Александр снова открыл глаза, будто вынырнул из вязкой, мутной дремоты, где звуки были глухи, а образы — резки и обжигающи, как пар над кипятильником. Его пальцы, побелевшие от напряжения, сжали карандаш до сухого хруста, словно он хотел удержать этим куском дерева саму мысль, чтобы она не рассыпалась в дым. На полях тетради уже тянулась сложная вязь линий, перекрещивающихся и завивающихся, как следы ожогов на коже: руна — та самая, что он видел на угле, найденном у сгоревшей стены. Но теперь к ней прибавилось новое — три волнистые черты, осторожно вписанные в центр, словно дыхание чего-то невидимого. Старославянская вязь, означающая «дым, что идёт изнутри» — знак, который, по поверьям, мог не только обозначить пар, но и вызвать его, если чертить при закрытом окне.

Воздух в комнате вдруг стал густее, тяжелее; где-то под потолком тихо зашипело, будто старые доски начали потеть влагой. Александр медленно отложил карандаш и посмотрел на руну. Линии, ещё мгновение назад серые и тусклые, словно пропитались теплом и начали темнеть, как бумага над свечой.

– Он знал, – сказал Александр, не отрывая взгляда от тетради. – Лазавик понял, что я начинаю разбирать его следы. Потому и отступил. Не из страха — из расчёта.

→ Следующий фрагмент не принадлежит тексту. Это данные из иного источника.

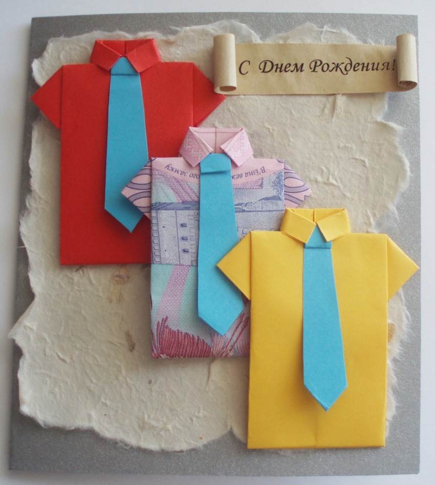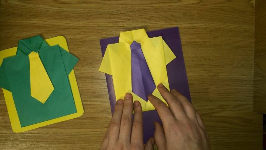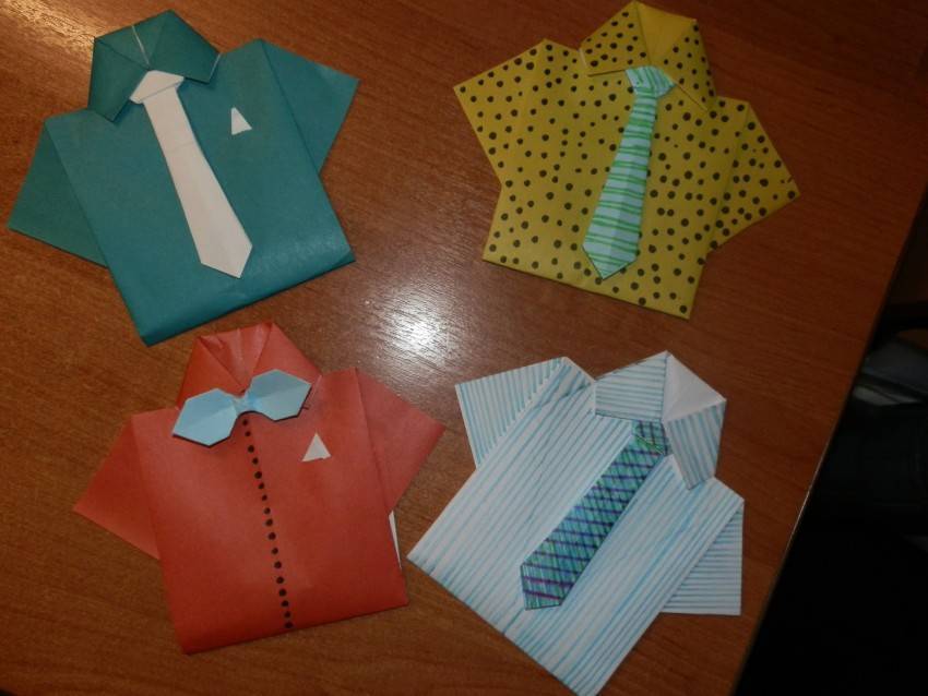 Можно создать и более сложную поделку: рубашку с галстуком. Поделка складывается из разных листов бумаги по схемам и собирается в одно целое. Такие вещи могут пригодиться для создания объемных открыток, а творческие и увлеченные люди могут делать даже бумажных людей, одевая их в такие рубашки.
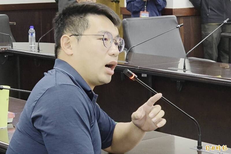 民進黨議員李宗翰聲援環保局長許仁澤,鼓勵他勇扛不要退陣。(記者洪瑞琴攝)

Он медленно провёл пальцем по линии руны, и на мгновение показалось, что под кожей прошла дрожь, словно от слабого электрического тока.

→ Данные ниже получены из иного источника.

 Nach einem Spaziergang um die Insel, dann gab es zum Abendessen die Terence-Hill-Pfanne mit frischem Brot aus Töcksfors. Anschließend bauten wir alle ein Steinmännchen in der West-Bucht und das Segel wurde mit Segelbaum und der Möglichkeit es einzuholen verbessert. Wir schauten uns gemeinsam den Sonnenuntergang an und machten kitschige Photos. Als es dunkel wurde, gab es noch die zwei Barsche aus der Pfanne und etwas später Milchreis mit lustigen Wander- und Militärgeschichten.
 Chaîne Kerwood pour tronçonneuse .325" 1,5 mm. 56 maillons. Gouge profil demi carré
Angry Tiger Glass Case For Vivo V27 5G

– Это не конец охоты, – продолжил он, голосом глухим, как удар молота в подвале. – Это было… преддверие.

Тишина в комнате стала плотной, вязкой, как пар над чаном. Где-то под досками тихо потрескивало — то ли влага входила в трещины, то ли что-то шевелилось в глубине пола, прислушиваясь к словам.

Герман молча протянул руку, пальцы дрожали — не от страха, а от внутреннего напряжения, похожего на то, что чувствует человек, когда знает: сейчас произойдёт нечто непоправимое. Он с усилием нажал на кнопку планшета, и экран, вспыхнув бледным светом, мигнул, будто ослеп от увиденного.

Лента форума прокрутилась сама собой, строки с постами мелькали, оставляя ощущение какого-то чужого дыхания внутри устройства. Внизу, под ником пользователя ParLunintsa, появилась новая надпись — будто не загруженная, а выжженная изнутри, как шрам на коже.

«Тот, кто смотрел на сваренное лицо, должен пойти на испарину. Иначе — кожа сама сойдёт».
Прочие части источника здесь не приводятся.